Directions for this task:
In your copy, leave out the pictures and reproduce the listing below exactly.

Available data below:

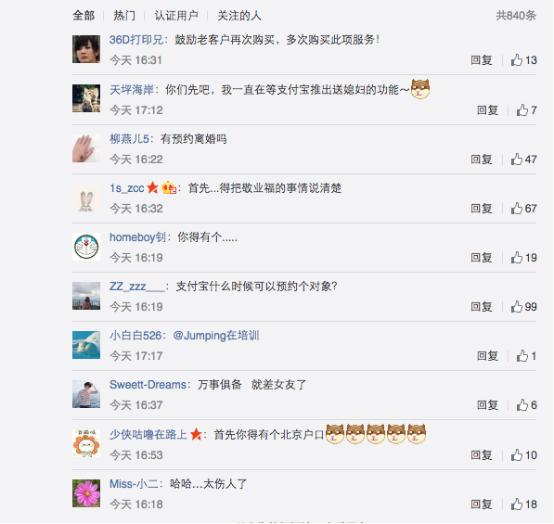 這么一個(gè)明顯自帶單身狗傷害屬性的功能,支付寶官微剛發(fā)布,一堆民間段子手就攻陷了支付寶官微的評(píng)論,直呼“這個(gè)功能太強(qiáng)大,單身狗已準(zhǔn)備卸載支付寶”、“請(qǐng)開發(fā)單身狗專用支付寶”、“還能不能讓我們生活得有點(diǎn)難度了”。
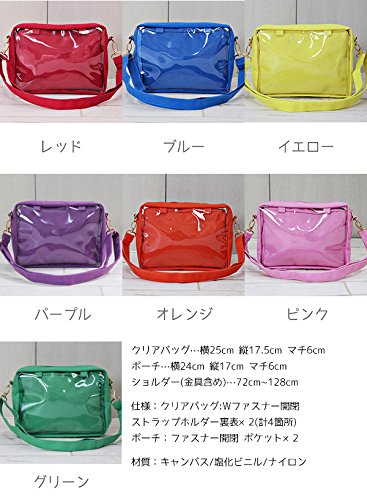-. Feature : クリアバッグ…横25cm 縦17.5cm マチ6cm ポーチ…横24cm 縦17cm マチ6cm ショルダー(金具含め)…72cm~128cm / 仕様:クリアバッグ:Wファスナー開閉 ストラップホルダー裏表×2(計4箇所) ポーチ:ファスナー開閉 ポケット×2 / 材質:キャンバス/塩化ビニル/ナイロン / ※素材の特性上、おり傷がみられますが不良品では御座いません。 上記理由では返品交換をお断りさせて頂いておりますので、予めご了承の上お買い求め頂けます様お願いいたします。
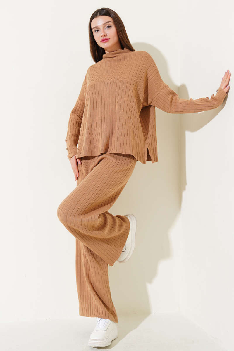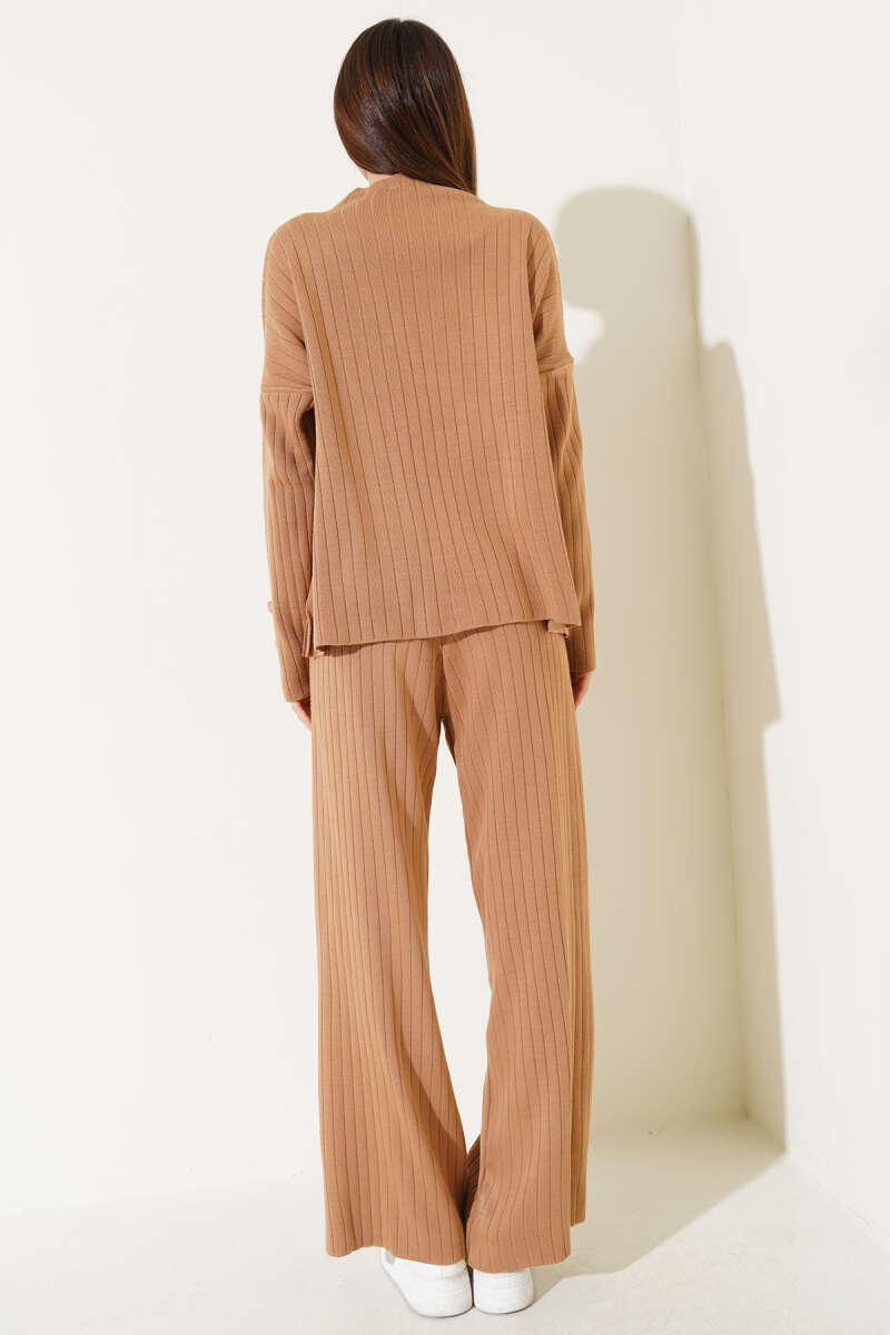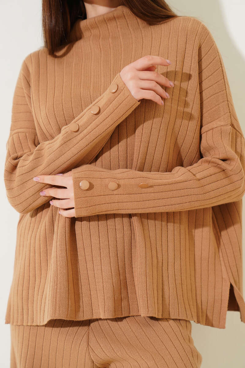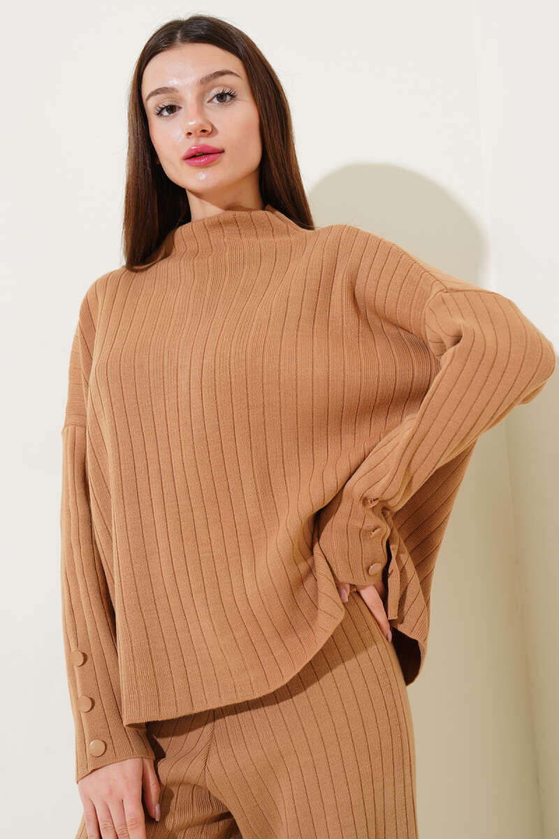 Çizgi Kabartmalı Triko Kazak Yağ Yeşili
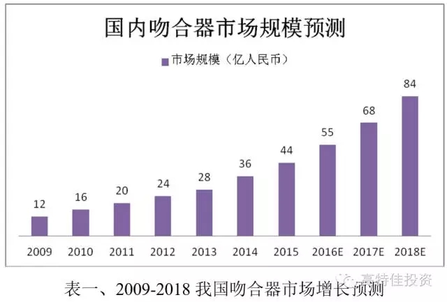 吻合器屬于外科手術器械。根據《國民經濟行業分類》,吻合器屬于醫療儀器設備及器械制造中的“醫療、外科及獸用器械制造”小類(分類代碼:3584)。據估計2014年我國吻合器市場規模為36億元,隨著我國微創手術需求的快速增長,2018年我國吻合器市場規模將達到84億元,CAGR為17%。

End of Available data.

Solved exercise:
 這么一個(gè)明顯自帶單身狗傷害屬性的功能,支付寶官微剛發(fā)布,一堆民間段子手就攻陷了支付寶官微的評(píng)論,直呼“這個(gè)功能太強(qiáng)大,單身狗已準(zhǔn)備卸載支付寶”、“請(qǐng)開發(fā)單身狗專用支付寶”、“還能不能讓我們生活得有點(diǎn)難度了”。
-. Feature : クリアバッグ…横25cm 縦17.5cm マチ6cm ポーチ…横24cm 縦17cm マチ6cm ショルダー(金具含め)…72cm~128cm / 仕様:クリアバッグ:Wファスナー開閉 ストラップホルダー裏表×2(計4箇所) ポーチ:ファスナー開閉 ポケット×2 / 材質:キャンバス/塩化ビニル/ナイロン / ※素材の特性上、おり傷がみられますが不良品では御座いません。 上記理由では返品交換をお断りさせて頂いておりますので、予めご了承の上お買い求め頂けます様お願いいたします。
 Çizgi Kabartmalı Triko Kazak Yağ Yeşili
 吻合器屬于外科手術器械。根據《國民經濟行業分類》,吻合器屬于醫療儀器設備及器械制造中的“醫療、外科及獸用器械制造”小類(分類代碼:3584)。據估計2014年我國吻合器市場規模為36億元,隨著我國微創手術需求的快速增長,2018年我國吻合器市場規模將達到84億元,CAGR為17%。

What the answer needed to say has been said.